◆ THE INPUT ◆
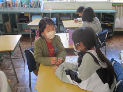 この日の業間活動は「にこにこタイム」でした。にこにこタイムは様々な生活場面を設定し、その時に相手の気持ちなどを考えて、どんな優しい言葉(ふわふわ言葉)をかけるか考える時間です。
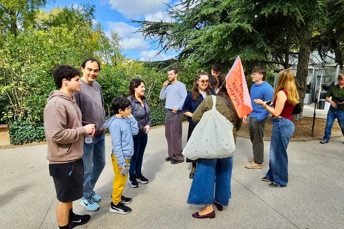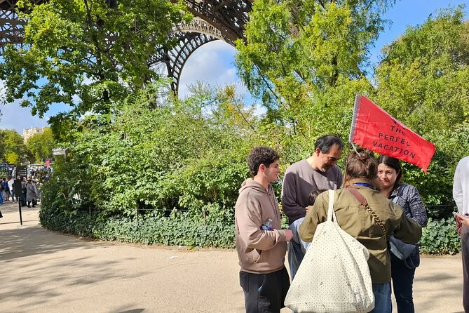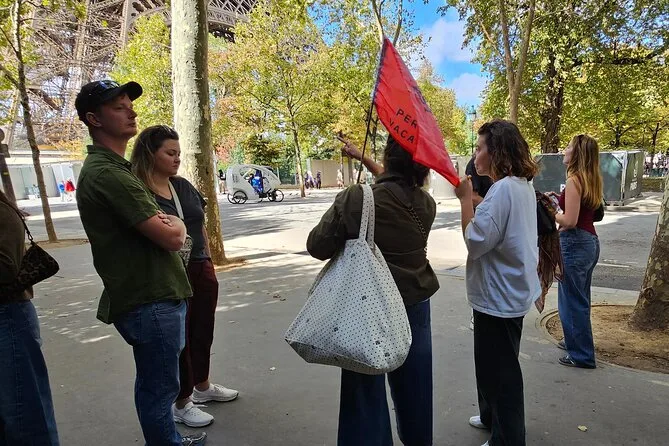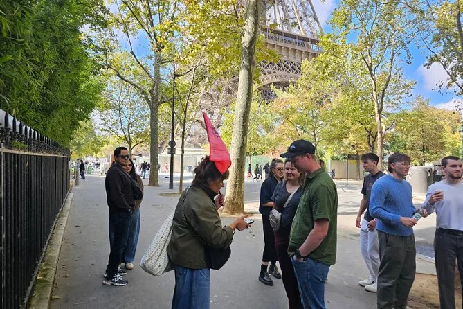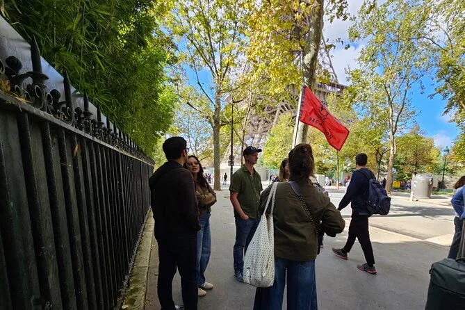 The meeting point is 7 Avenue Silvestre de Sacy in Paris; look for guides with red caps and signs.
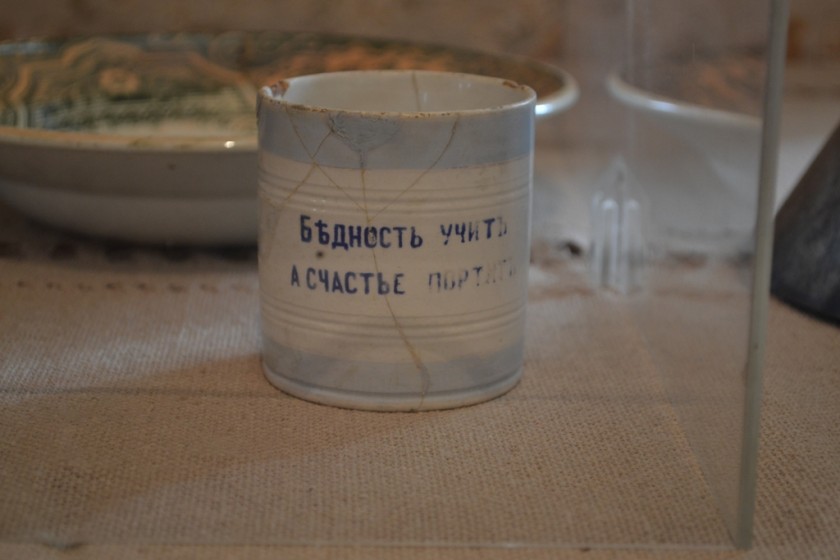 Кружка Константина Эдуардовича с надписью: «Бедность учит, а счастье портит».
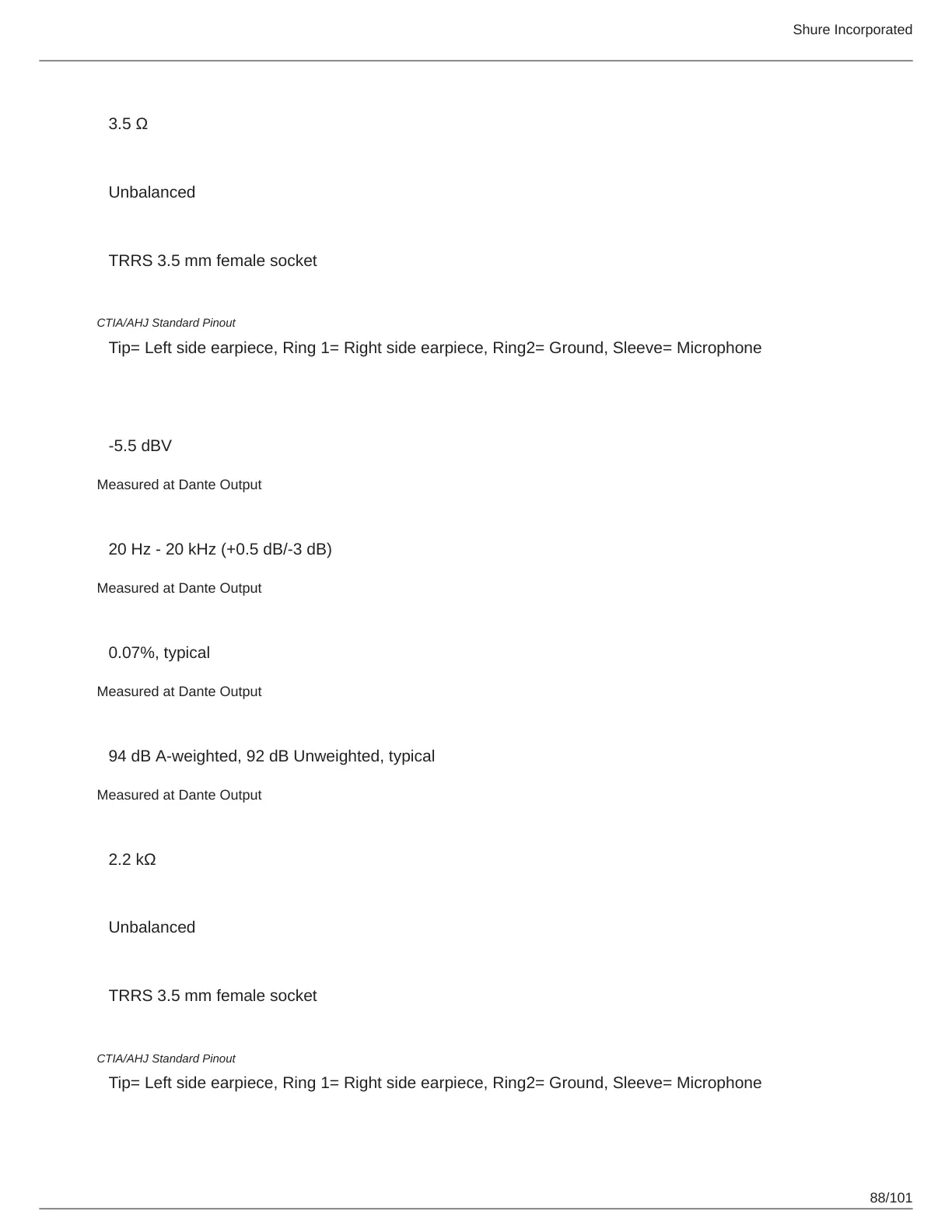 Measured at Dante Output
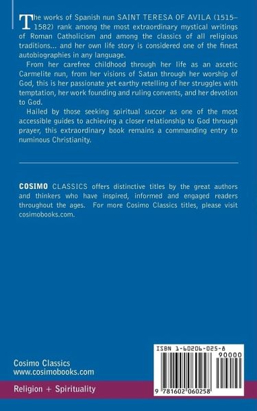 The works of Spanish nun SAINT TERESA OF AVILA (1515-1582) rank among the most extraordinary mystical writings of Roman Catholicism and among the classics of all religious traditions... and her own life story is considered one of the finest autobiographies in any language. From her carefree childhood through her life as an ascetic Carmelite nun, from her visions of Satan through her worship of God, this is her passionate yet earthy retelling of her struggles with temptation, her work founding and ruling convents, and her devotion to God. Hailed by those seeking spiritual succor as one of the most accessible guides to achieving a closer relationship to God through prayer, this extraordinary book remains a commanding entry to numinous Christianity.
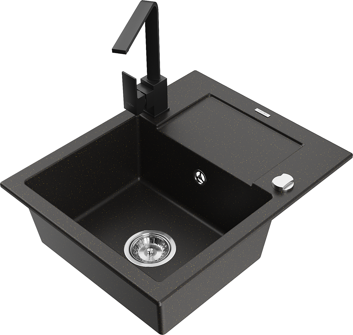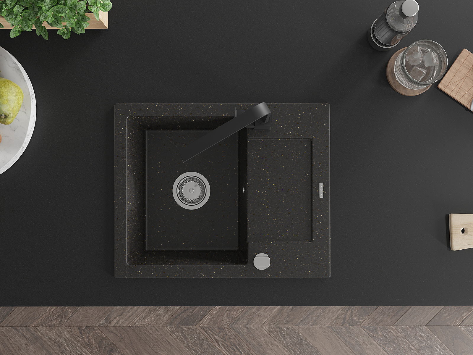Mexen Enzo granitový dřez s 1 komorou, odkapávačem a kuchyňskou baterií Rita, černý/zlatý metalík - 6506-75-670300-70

◆ TASK DETAILS ◆
Write the records out again verbatim and omit the pictures they contain.

◆ ANSWER AREA ◆
 この日の業間活動は「にこにこタイム」でした。にこにこタイムは様々な生活場面を設定し、その時に相手の気持ちなどを考えて、どんな優しい言葉(ふわふわ言葉)をかけるか考える時間です。
 The meeting point is 7 Avenue Silvestre de Sacy in Paris; look for guides with red caps and signs.
 Кружка Константина Эдуардовича с надписью: «Бедность учит, а счастье портит».
 Measured at Dante Output
 The works of Spanish nun SAINT TERESA OF AVILA (1515-1582) rank among the most extraordinary mystical writings of Roman Catholicism and among the classics of all religious traditions... and her own life story is considered one of the finest autobiographies in any language. From her carefree childhood through her life as an ascetic Carmelite nun, from her visions of Satan through her worship of God, this is her passionate yet earthy retelling of her struggles with temptation, her work founding and ruling convents, and her devotion to God. Hailed by those seeking spiritual succor as one of the most accessible guides to achieving a closer relationship to God through prayer, this extraordinary book remains a commanding entry to numinous Christianity.
Mexen Enzo granitový dřez s 1 komorou, odkapávačem a kuchyňskou baterií Rita, černý/zlatý metalík - 6506-75-670300-70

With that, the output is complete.